Extract, exactly and without pictures, every line from the one that includes "A programação conta" through the final line of the material below.

#### [Given data]
======

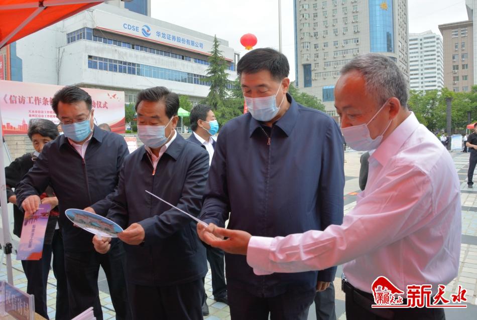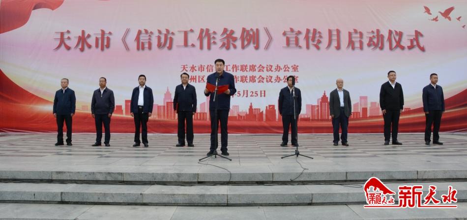 新天水讯【记者马凯】5月25日,以“贯彻信访工作新《条例》,坚持人民信访为人民”为主题的《信访工作条例》宣传月启动仪式在秦州区龙城广场举行。市委常委、政法委书记刘天波讲话并宣布全市宣传月活动正式启动,市人大常委会副主任索鸿宾。市政协副主席董仲奇出席活动,副市长、市公安局局长郭庆祥主持启动仪式。
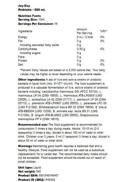 Probiootti – 500 ml. on nestemäinen ravintolisä, joka sisältää eläviä ja aktiivisia probioottisia bakteerikantoja. Tämä tuote on suunniteltu edistämään terveellistä suolistomikrobiomia ja tukemaan ruoansulatusjärjestelmän yleistä hyvinvointia.
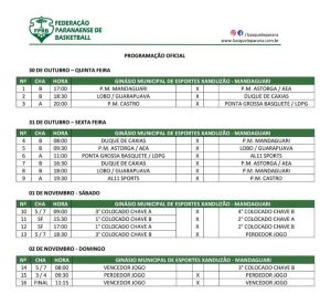 A programação conta com jogos intensos desde a quinta-feira (30), com equipes como P.M. Mandaguari, P.M. Astorga, Duque de Caxias, Ponta Grossa Basquete, Guarapuava, P.M. Castro e Al11 Sports disputando as fases classificatórias. As semifinais estão previstas para o sábado (1º/11), seguidas pela grande final no domingo (2/11), às 11h15, quando será conhecido o campeão estadual da categoria.
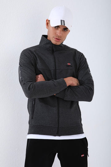 TMY Anthracite - Black Round Neck Striped Printed Standard Mold Cuffed Men's Tracksuit - 85150 - Fair Lawn
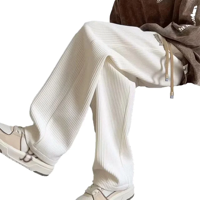 Corduroy Men’s Casual Pants Spring Autumn New American Loose Wide Leg Sport Trousers Texture Straight

======

#### [Result for this task]
 A programação conta com jogos intensos desde a quinta-feira (30), com equipes como P.M. Mandaguari, P.M. Astorga, Duque de Caxias, Ponta Grossa Basquete, Guarapuava, P.M. Castro e Al11 Sports disputando as fases classificatórias. As semifinais estão previstas para o sábado (1º/11), seguidas pela grande final no domingo (2/11), às 11h15, quando será conhecido o campeão estadual da categoria.
 TMY Anthracite - Black Round Neck Striped Printed Standard Mold Cuffed Men's Tracksuit - 85150 - Fair Lawn
 Corduroy Men’s Casual Pants Spring Autumn New American Loose Wide Leg Sport Trousers Texture Straight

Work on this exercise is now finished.